За день до выборов в парламент Греция отмечала годовщину подвига Политехники. Рано утром 17 ноября перед длинной железной оградой института было многолюдно. Через новые ворота, около которых, как горькая память, лежали поверженные танками старые, медленно вливался людской поток. Первые цветы и венки были возложены на эти покореженные и обожженные огнем железные ворота, на которых погибли студенты «первого заслона» против танков, грозно выстроившихся год назад у ограды. Институтская территория походила на кладбище: там, где погибли студенты, выросли холмики из принесенных цветов, а на них были имена и фотографии молодых героев. Из репродукторов громко разносились оставшиеся для истории, записанные в Кровавом ноябре призывные слова участников восстания. Никос как вкопанный остановился у входа на территорию института, услышав звонкий, полный тревоги девичий голос. Он узнал этот голос. Никос вздрогнул, до боли сжал кулаки, когда над самой головой раздались слова Нисы: «Греки! В этот момент танки наводят свои орудия на здание института!» Казалось, что сейчас живая Ниса предупреждает об опасности и призывает греков встать на защиту восставших студентов. Никос настороженно оглянулся, но поверженное железо старых ворот заставило его осознать, что все услышанное и увиденное в эти минуты в Политехнике — вчерашняя боль и гордость Греции, страница истории борьбы с хунтой…

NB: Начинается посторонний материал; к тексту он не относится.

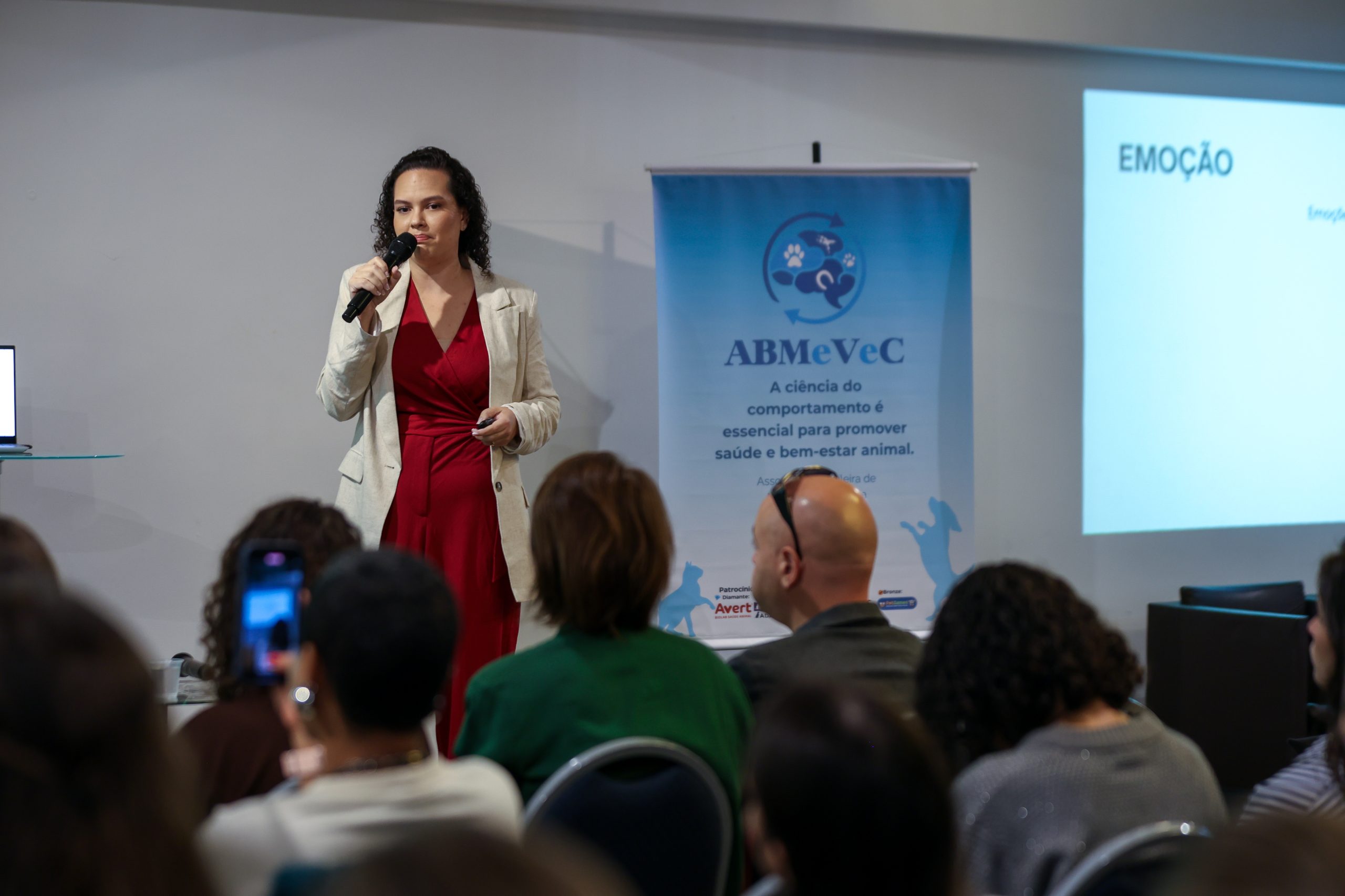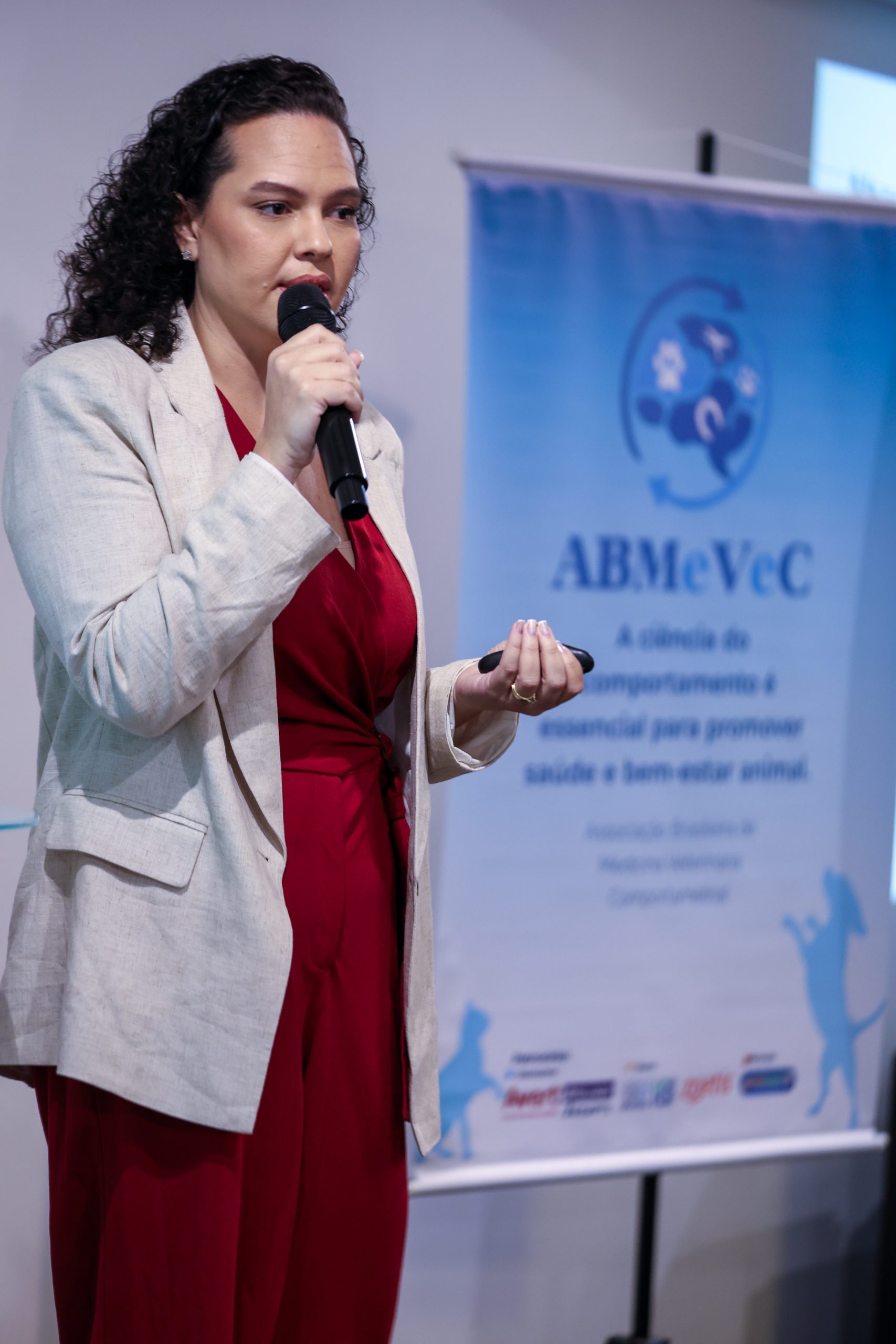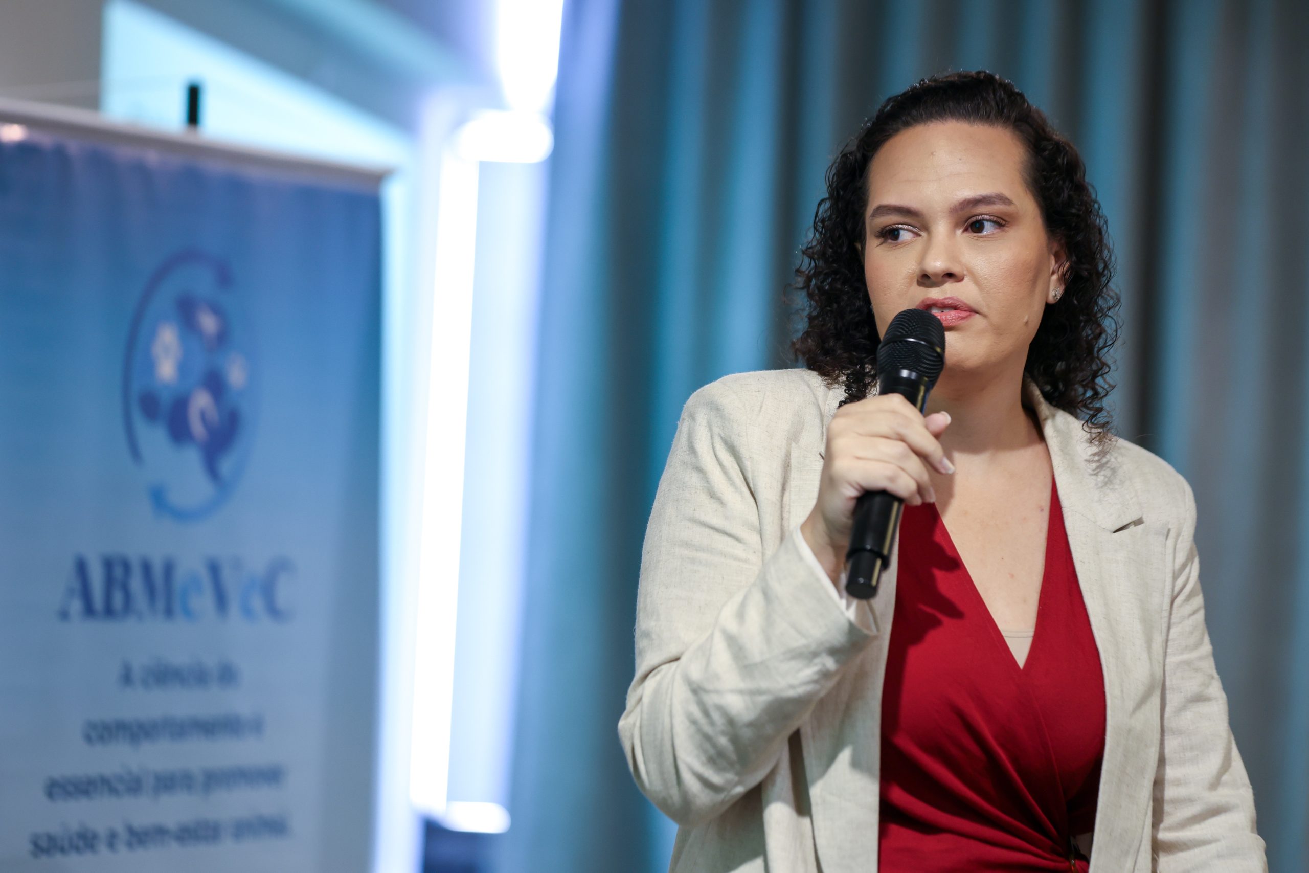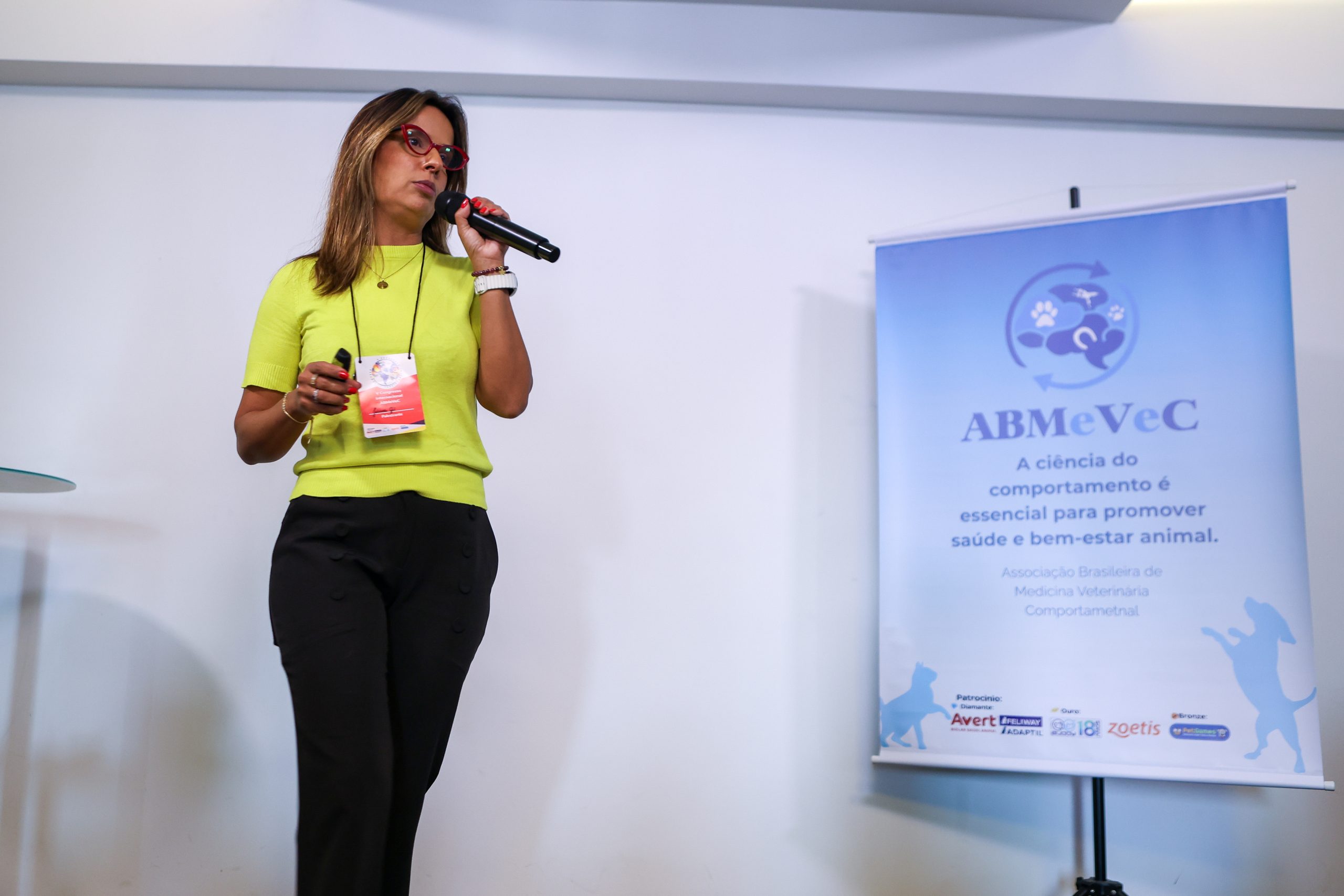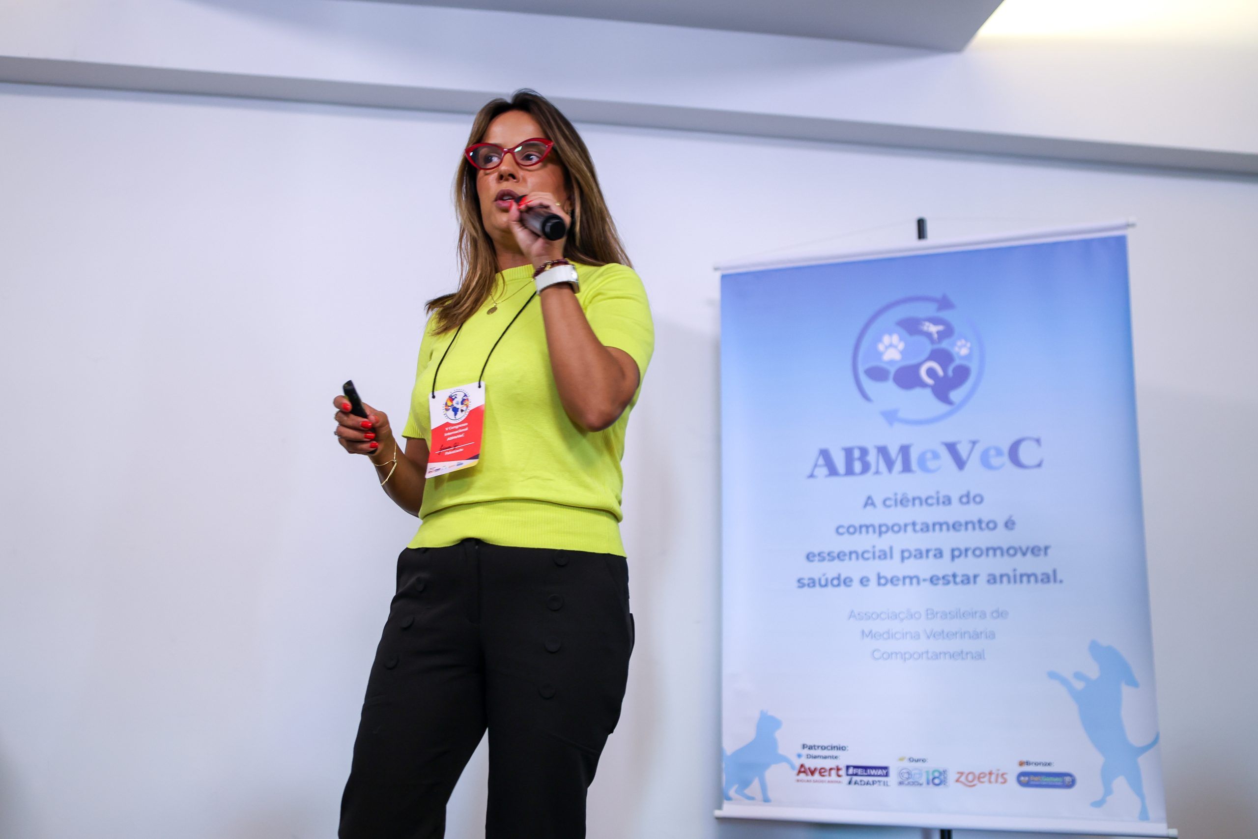 A dra. Daniela Ramos conduziu sessão sobre etologia clínica baseada em ciência, reforçando a necessidade de avaliação crítica das práticas diagnósticas e de intervenção comportamental com suporte em literatura e dados científicos.
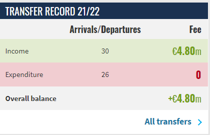 ① 俱乐部就3000多万欧的身价,联赛排名倒数。100万欧元的引援,再怎么操作,想把纸面实力提高到好于上个赛季,甚至争欧战水准,难上加难。
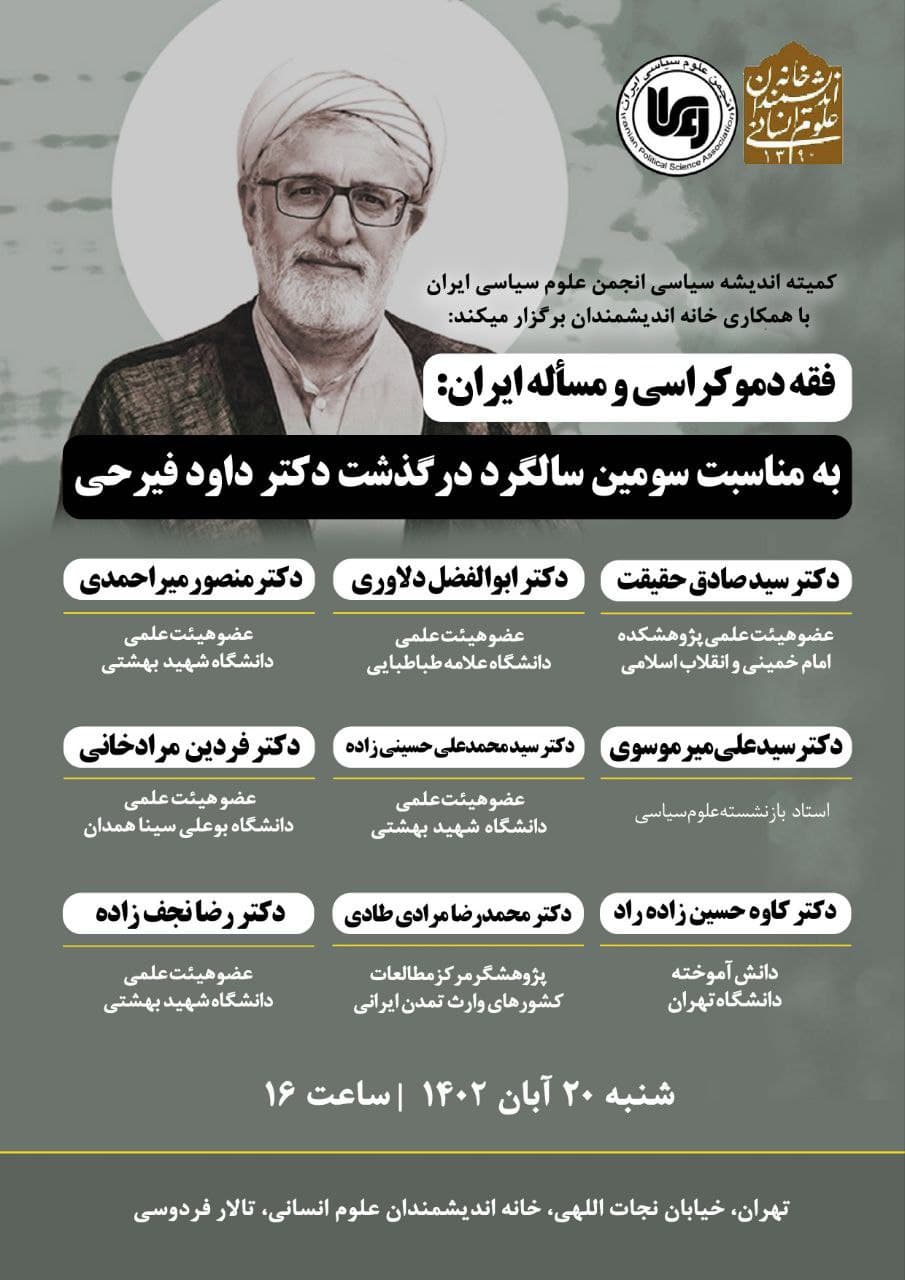 به گزارش روابط عمومی خانه اندیشمندان علوم انسانی، نشست "فقه دموکراسی و مسئله ایران" به مناسبت سومین سالگرد درگذشت داود فیرحی، به همت انجمن علوم سیاسی ایران و با همکاری خانه اندیشمندان علوم انسانی، روز شنبه ۲۰ آبان ۱۴۰۲ ساعت ۱۶ در سالن فردوسی خانه اندیشمندان علوم انسانی برگزار می شود.

После освобождения Никос много раз приходил на этот «островок свободы» поклониться подвигу и памяти «девушки в белом». С большого фотопортрета на него задумчиво и вопросительно смотрела Ниса, словно спрашивая: все ли она сделала в трагический час Политехники? За Никоса ответил Шерлок Джекобс, будто почувствовав во взгляде Нисы вопрос, обращенный к ее друзьям:
— Я только что видел на большом щите слова, написанные знаменитым греческим поэтом и моим другом, о том, что у этих поваленных ворот мы снова даем клятву бороться до последней капли крови во имя жизни и свободы. Эта девушка, которая первой отдала свою жизнь, как греческие героини древности, кажется мне розой, не успевшей расцвести. Нет, не только греки, все человечество не забудет подвига «юной гречанки.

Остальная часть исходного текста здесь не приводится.